Active GRIN media for laser beam transformations

  1. Ana Isabel Gómez Varela
Dirixida por:
  1. Carmen Bao Varela Director

Universidade de defensa: Universidade de Santiago de Compostela

Ano de defensa: 2016

  1. José Rivas Rey Presidente
  2. Maria Teresa Flores-Arias Secretaria
  3. María Yolanda Castro Martín Vogal
  4. Pieter De Beule Vogal
  5. José Miguel López Higuera Vogal
  1. Departamento de Física Aplicada

Tipo: Tese


In this thesis the use of active GRadient-INdex (GRIN) media with gain or loss for laser beam shaping purposes is presented and particularized for materials described by a complex parabolic and hyperbolic secant refractive index profiles. The expressions for the complex refractive index of these media are derived and examined in order to discuss what loss or gain means in terms of the index.
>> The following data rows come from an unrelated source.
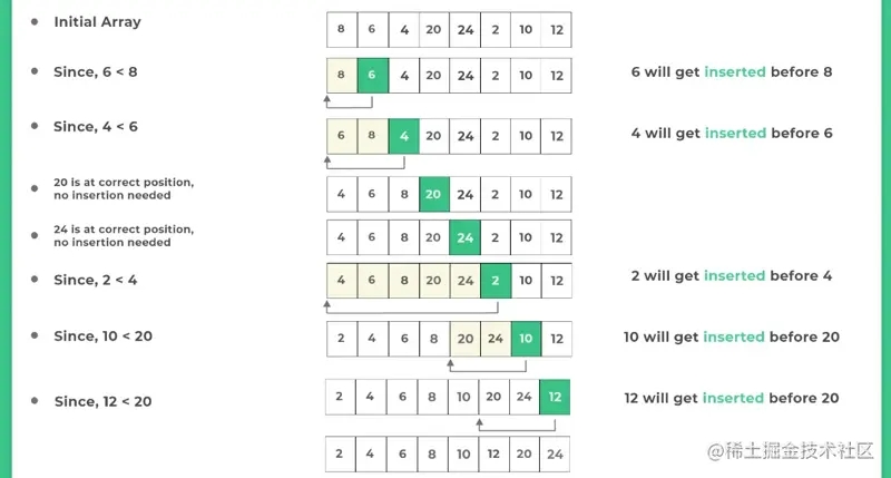 - 如果當(dāng)前元素小于前面的有序數(shù)組元素,則把當(dāng)前元素插入到前面的合適位置。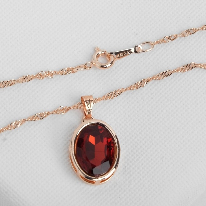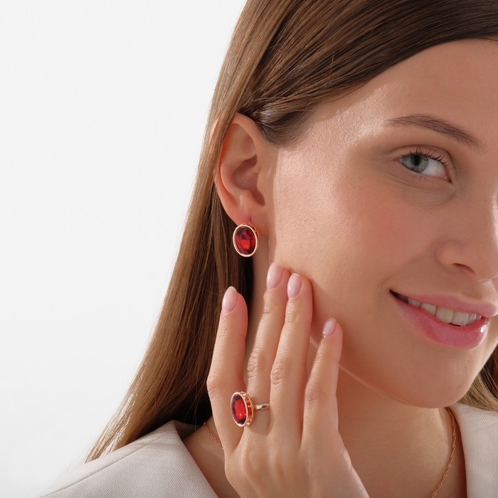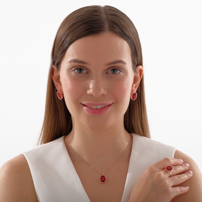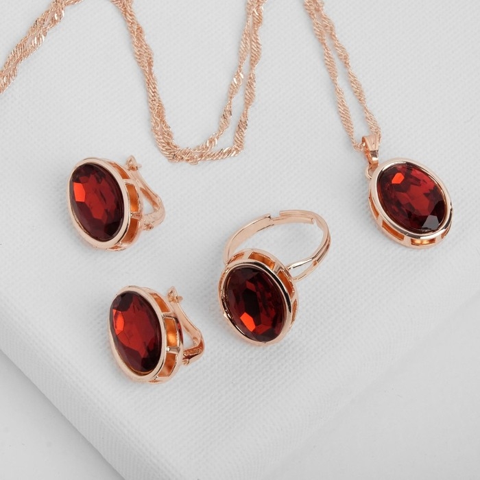 Гарнитур 3 предмета: серьги, кулон, кольцо безразмерное «Эдель» овал вытянутый, цвет красный в золоте, 45 см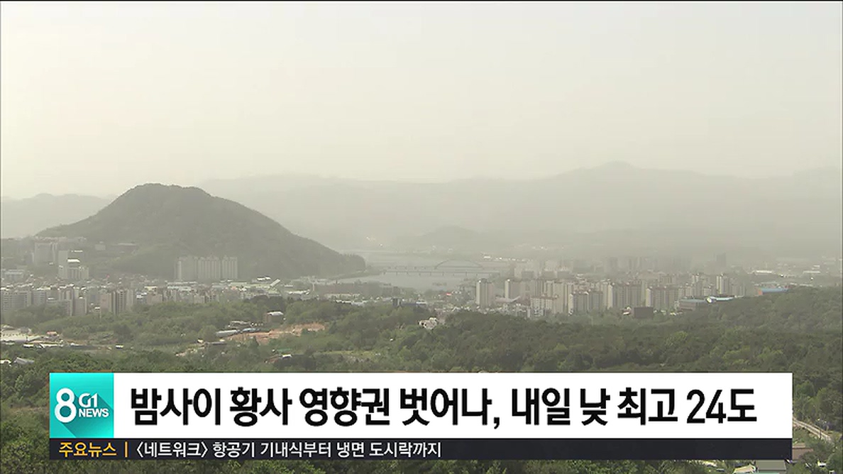 밤사이 황사 영향권 벗어나, 내일 낮 최고 24도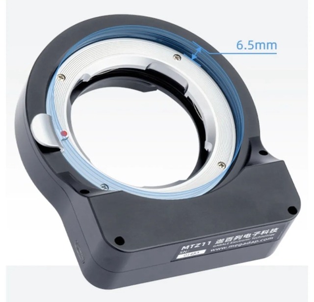 尼康 Z 系列全画幅无反相机卡口直径 55 毫米,法兰距 16 毫米,大卡口直径和短法兰距非常适合转接。这款转接环厚度较大,下边多出一个盒装物。内置对焦马达和螺旋对焦传动机构,可以带动镜头整体前后移动最多 6.5 毫米,从而实现自动对焦。其原理与 30 年前焦平面前后移动自动对焦的康泰时 AX 相同,只是转接环上没有自动对焦系统,只有对焦驱动系统。要先将对焦信息通过触点传送到机身上自动对焦系统计算,再接受机身对焦系统的指令驱动镜头移动对焦,对焦点、对焦模式选择也从机身上操作。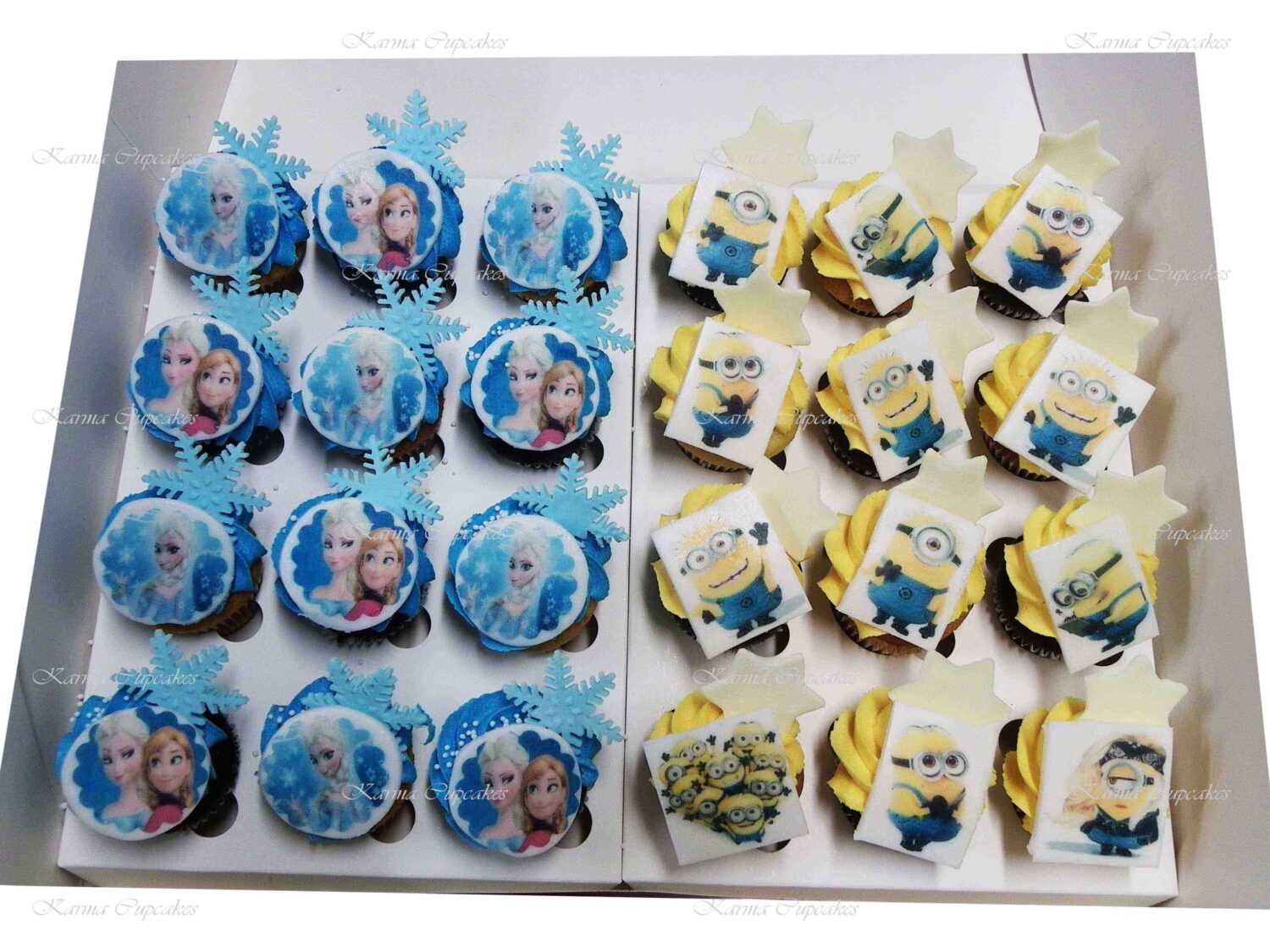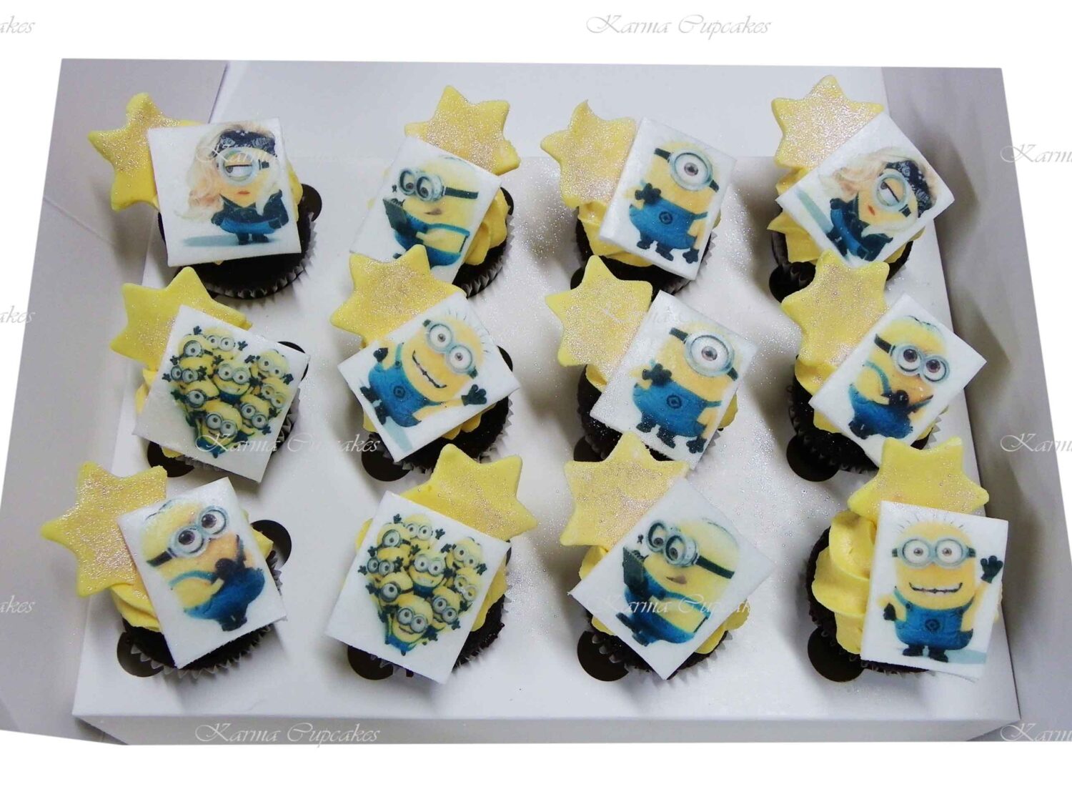 24 Chocolate and vanilla Mini cupcakes with yellow buttercream icing topped with Edible Minions Images and stars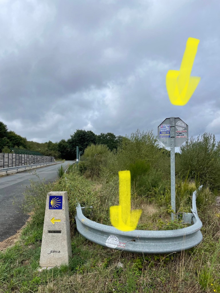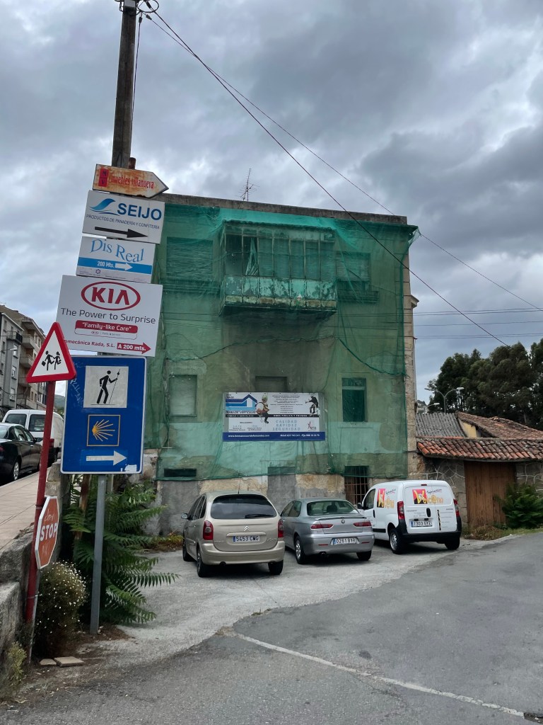 Von Monica meiner Mitpilgerin von gestern, sowie heute teilweise, habe ich gelernt dass es nicht nur Peregrinos gibt. Auf den letzten 100 km trifft man auch Taxirinos und Turitrinos. Der Taxirino gibt vor zu laufen, jedoch bewegt er, oder sie natürlich, sich vorzügsweise mit dem Taxi fort. Der Turistrino versucht von den günstigsten Herbergen zu profitieren und einen kostengünstigen Urlaub zu machen. Er läuft wohl mehr als der Taxirino, doch auch er/sie nutzt gerne Bus und Bahn für längere Wegstrecken. Die Taxiunternehmen betreiben daher zielgruppengerechte Werbung und platzieren ihre Telefonnummern direkt neben den Wegweisern für den Camino.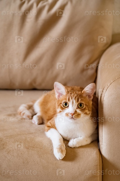Милый бело-рыжий кот с желтыми глазами лежит на диване крупным планом портрет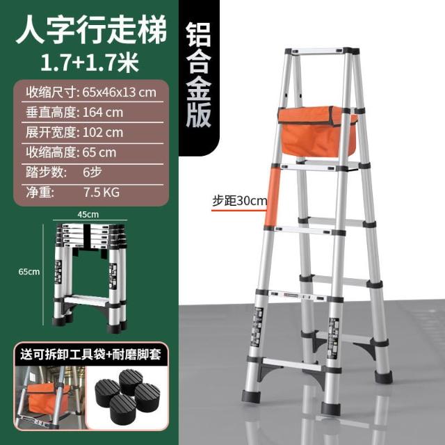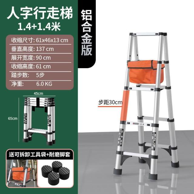 可行走人字梯伸縮梯折疊梯子家用鋁合金木工升降便攜多功能工程梯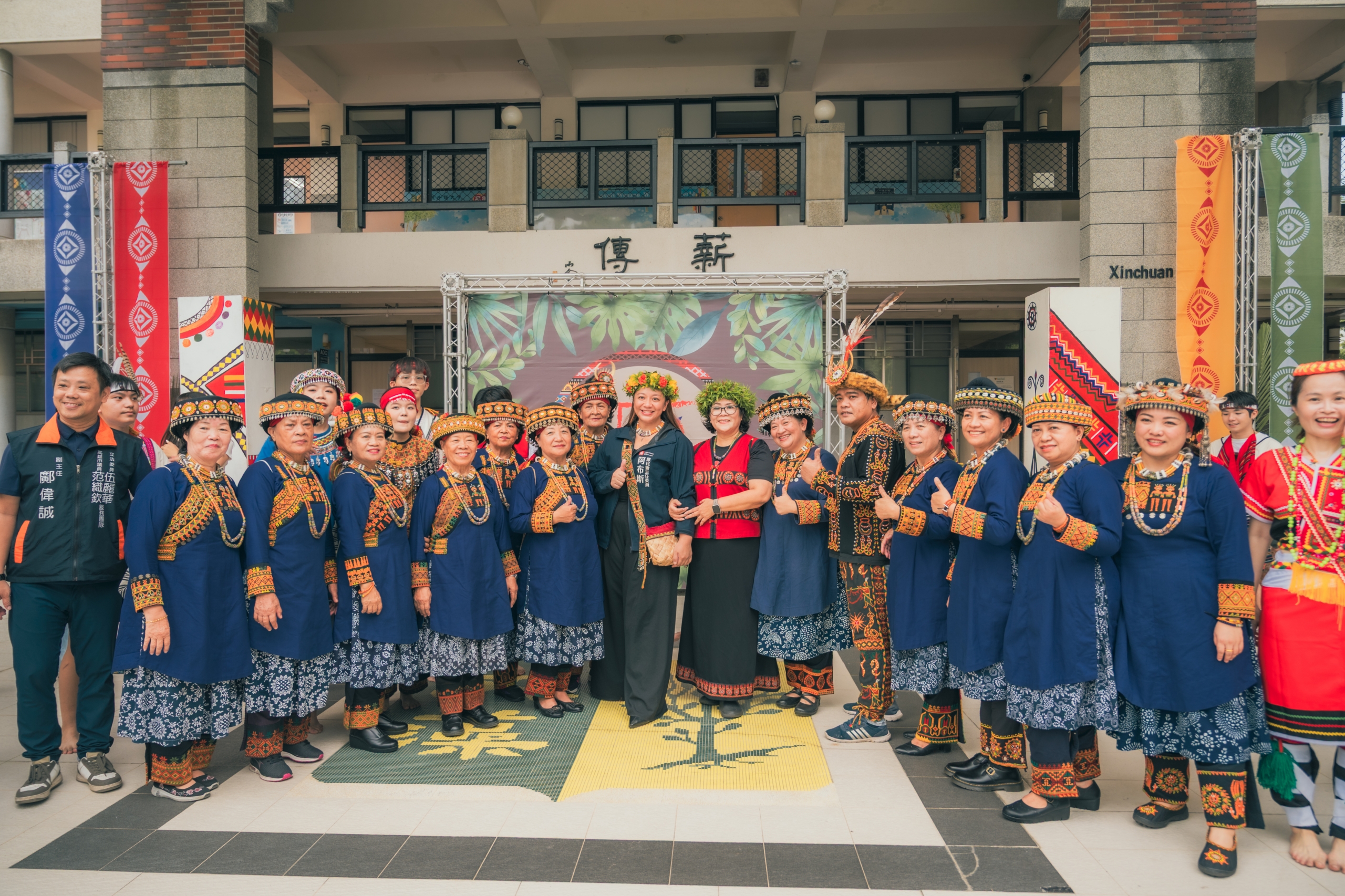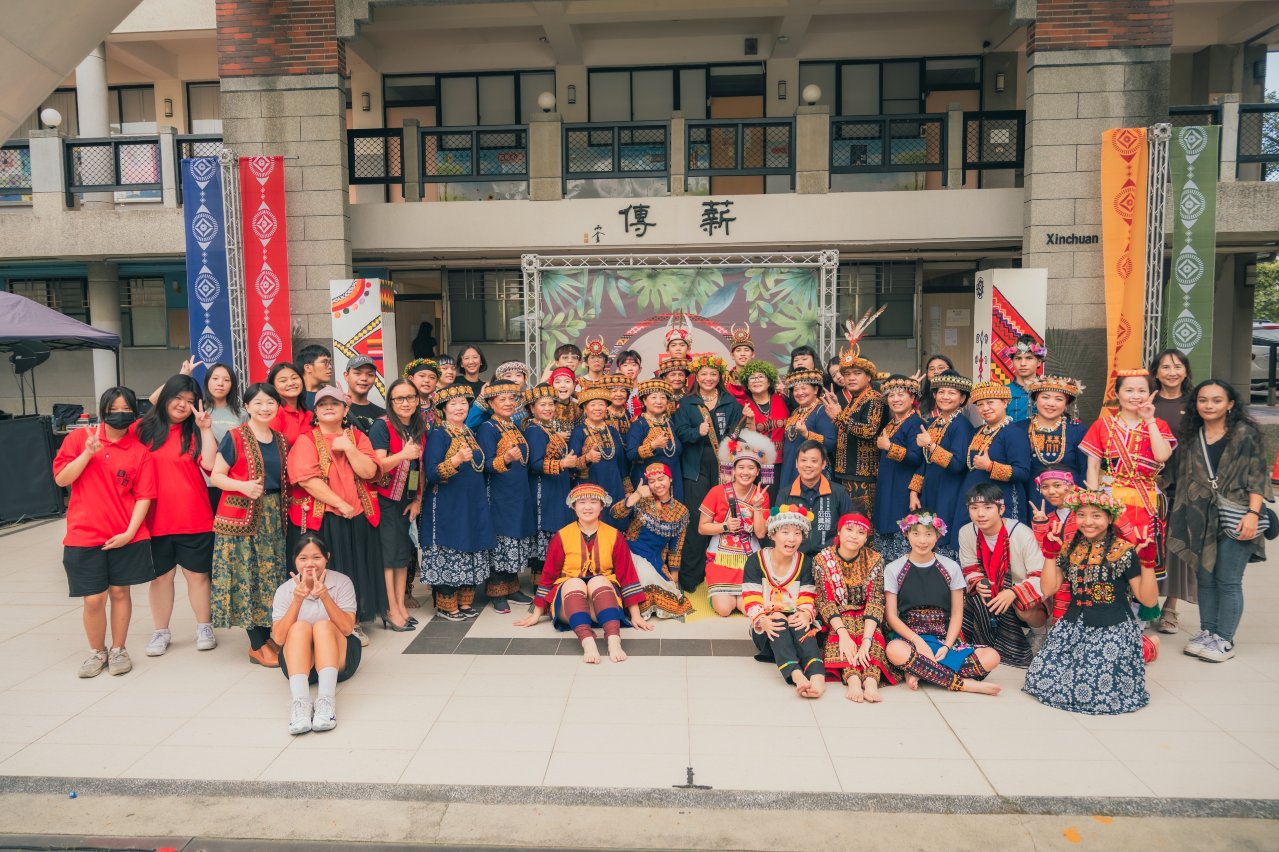 文藻外大原民周開幕式邀屏東佳興古謠隊以排灣族祈福與古調揭幕,展現原民文化之美。圖為古謠隊與文藻表演團隊合影。相片攝影/公關室

The formalism of laser beam propagation in active GRIN materials regarded as beam transformers with a Gaussian mask is presented. Moreover, the general conditions for beam transformations by active GRIN materials as a geometrical solution in 2D space of the complex curvature of the input laser beam are obtained and discussed. Application examples of active GRIN media with gain or loss as beam shaping systems are presented using MATLAB software and a tolerance analysis is performed for a particular laser source. Additionally, preliminary research on active GRIN media fabrication by Sol-Gel process and Laser Zone Melting (LZM) technique was performed. Erbium and ytterbium-doped films based on SiO2-TiO2 and SiO2 systems were prepared by sol-gel method. Optical constants, thickness and porosity of selected samples were determined using Spectral Ellipsometry, whereas topographical inspection was conducted by Atomic Force Microscopy. The analysis of luminescence spectra of the erbium sol-gel derived films around 1.54 μm was also performed. In LZM technique, SiO2 rods precursors are dip-coated using a suspension of different inorganic compounds in isopropyl alcohol and the subsequent sintering process is performed using a CO2 laser. Structural properties and chemical composition of the samples were characterized by Scanning Electron Microscopy combined with Energy Dispersive X-ray analysis, revealing the axial and gradual incorporation of dysprosium oxide and lithium niobate within the silica cylinder. Spectral Ellipsometry measurements showed that a gradient of refractive index profile from the edges to the centre of the rod was generated.